> _ASSIGNMENT_: Give again, word for word, the lines below that run from the line with "이야기는 고등학교 동창들이 모여 캠핑을 떠나며 시작됩니다." through the line with "Τα λουλούδια αποπνέουν". Drop the pictures.

#### RECORD EXCERPTS ####

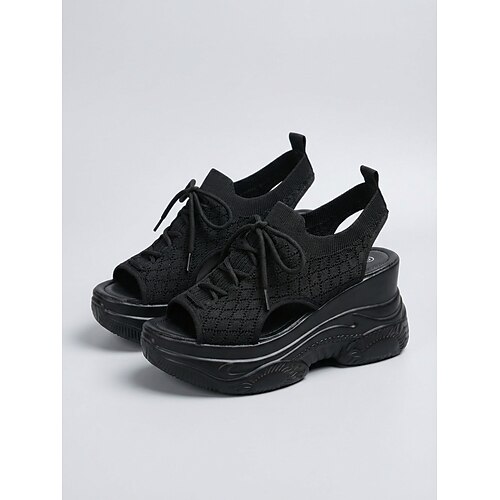 sandali da donna in Flyknit bianco con plateau e tomaia traspirante e chiusura con lacci, design sportivo alla moda per uscite casual, streetwear, avventure estive e uso quotidiano
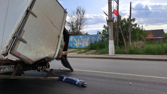 Днем в субботу, 13 мая, в Кировском районе Волгограда возле остановки общественного транспорта «9-я больница» произошло ДТП. КамАЗ врезался в грузовик. От удара у того деформировался кузов и открылись двери, груз выпал на проезжую часть.
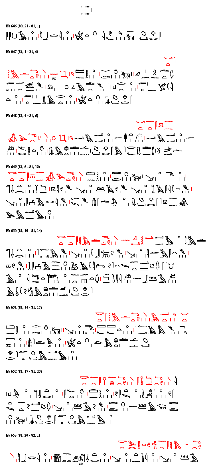 Eb 651 (81, 14 - 81, 17) Ein anderes [Heilmittel] für das Lindern der Gefäße in jedem Körperglied: {81, 15} Wachs 1, Rinderfett 1, prt-Snj 1, Schlamm 1, saAm-Pflanze 1, ns-{81, 16}S 1, schwarze Augenschminke 1, Honig 1, machen zu einer einheitlichen Masse, verbinden {81, 17} damit, (nachdem) gesalbt wurde mit Myrrhenharz.
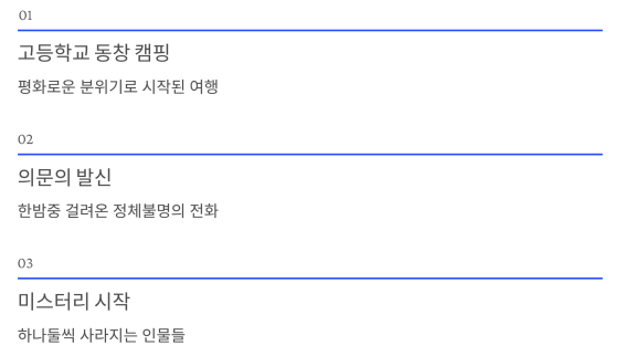 이야기는 고등학교 동창들이 모여 캠핑을 떠나며 시작됩니다.
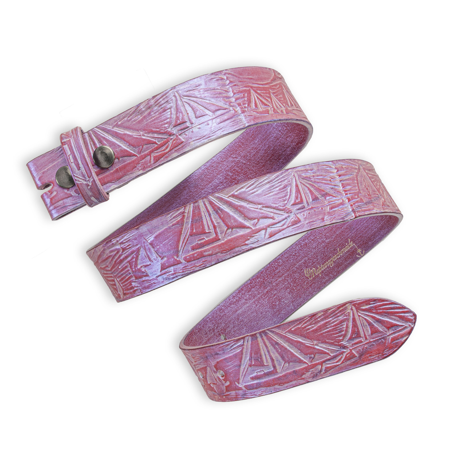 Handgeprägter Wechselgürtel  Segelschiffe aus Leder, mit Druckknopfverschluss zum einfachen Wechseln der Gürtelschließe. 4cm Breite. 100 % Handarbeit.
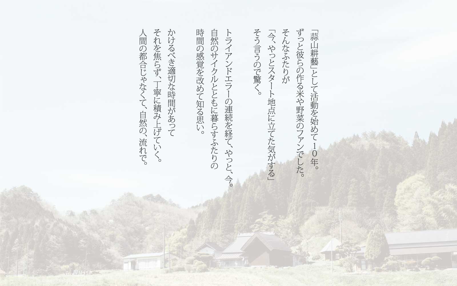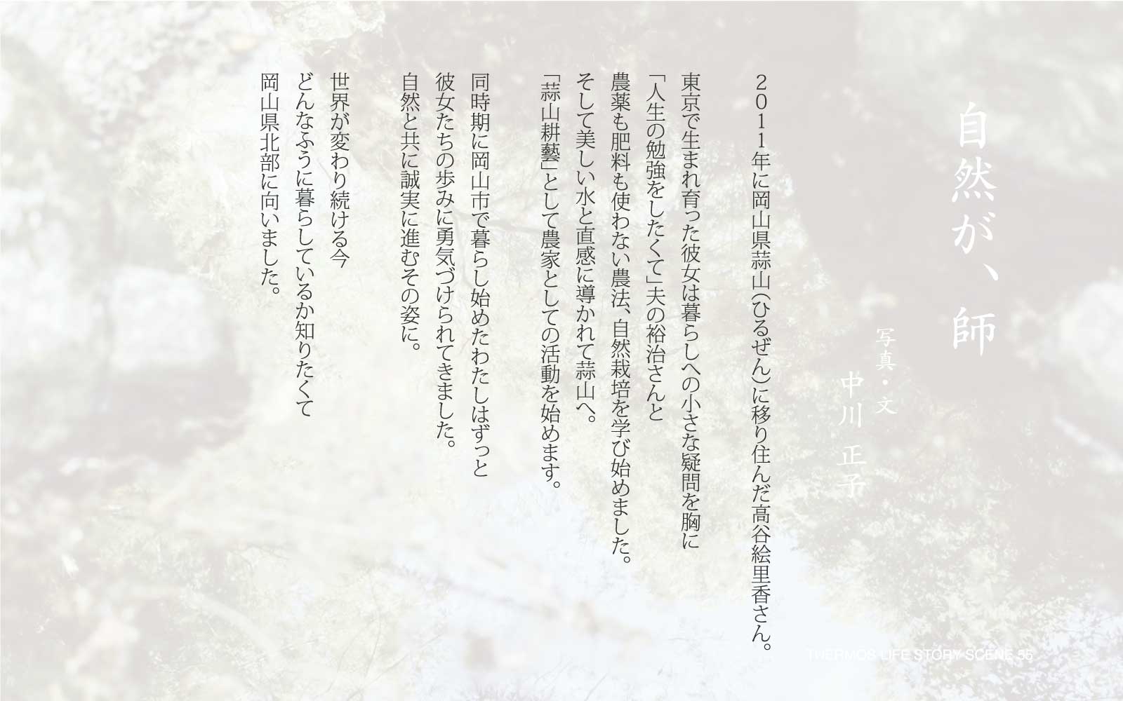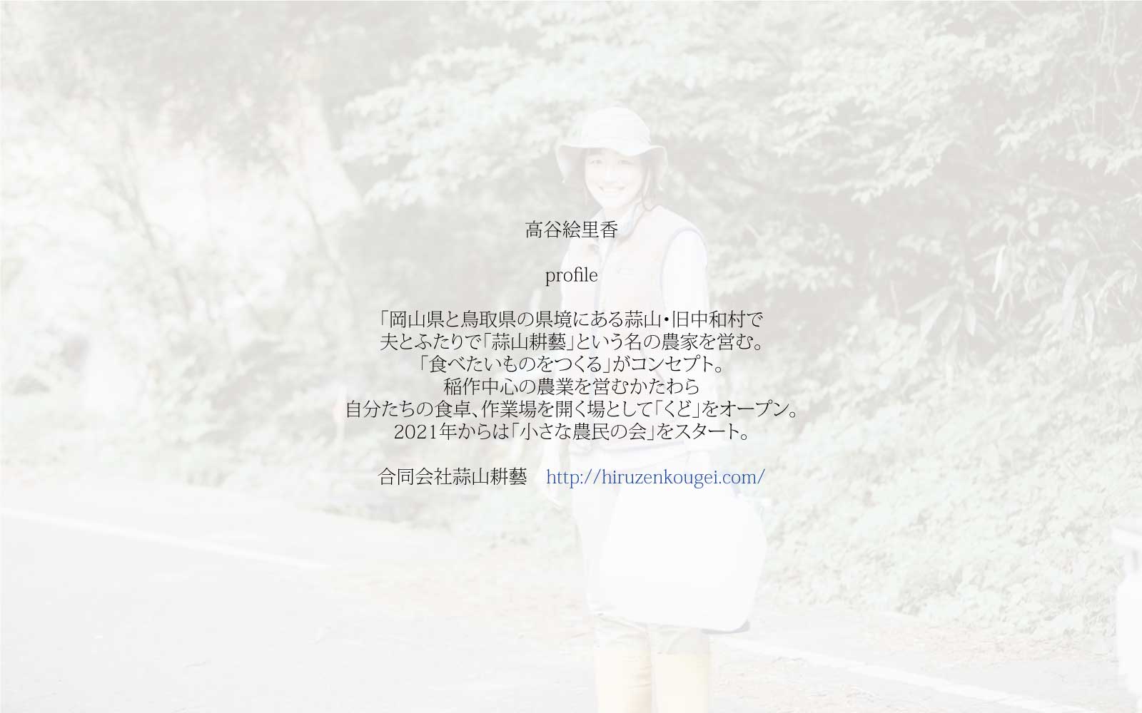 「岡山県と鳥取県の県境にある蒜山・旧中和村で夫とふたりで「蒜山耕藝」という名の農家を営む。
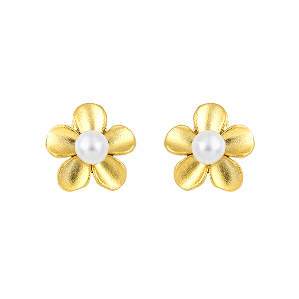 Τα λουλούδια αποπνέουν φρεσκάδα και φυσική ομορφιά, ενώ το μαργαριτάρι στο κέντρο προσθέτει μια λάμψη και αίσθηση πολυτέλειας. Το χρυσό φινίρισμα στα πέταλα ενισχύει τη θηλυκή φύση του κοσμήματος και κάνει το σκουλαρίκι ευέλικτο σε συνδυασμούς, καθώς μπορεί να φορεθεί με λευκό, παστέλ ή πιο σκούρο ντύσιμο.
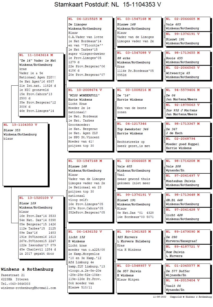 Won 1st Prov. Limoges 1,279b. and is father to “Lotte” (1st Nat. Bordeaux ’14) and “Floortje” (1st Nat. Tarbes ’15)
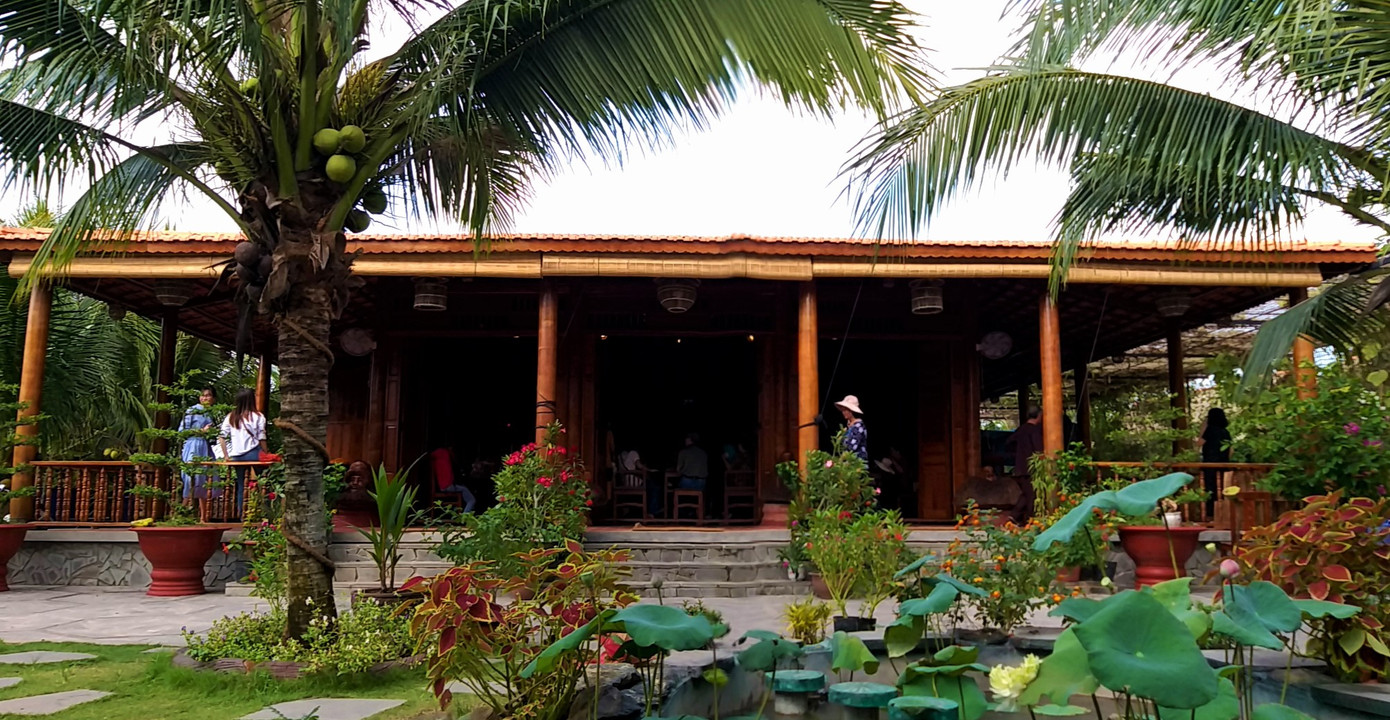 Ngôi nhà được làm hoàn toàn bằng gỗ dừa từ 80 - 100 năm tuổi - Ảnh: Kim Hà. Được bao bọc bởi không gian xanh mát với những hàng dừa và vườn cây ăn trái ở xứ cù lao. Ngôi nhà dừa được xây dựng trên diện tích rộng 4.000m2, với khoảng 4.000 cây gỗ dừa từ 80 – 100 năm tuổi không còn khả năng cho trái, được tìm mua từ Bến Tre và các nơi ở Vĩnh Long mang về.

####

> _FINISHED TASK_:
 이야기는 고등학교 동창들이 모여 캠핑을 떠나며 시작됩니다.
 Handgeprägter Wechselgürtel  Segelschiffe aus Leder, mit Druckknopfverschluss zum einfachen Wechseln der Gürtelschließe. 4cm Breite. 100 % Handarbeit.
 「岡山県と鳥取県の県境にある蒜山・旧中和村で夫とふたりで「蒜山耕藝」という名の農家を営む。
 Τα λουλούδια αποπνέουν φρεσκάδα και φυσική ομορφιά, ενώ το μαργαριτάρι στο κέντρο προσθέτει μια λάμψη και αίσθηση πολυτέλειας. Το χρυσό φινίρισμα στα πέταλα ενισχύει τη θηλυκή φύση του κοσμήματος και κάνει το σκουλαρίκι ευέλικτο σε συνδυασμούς, καθώς μπορεί να φορεθεί με λευκό, παστέλ ή πιο σκούρο ντύσιμο.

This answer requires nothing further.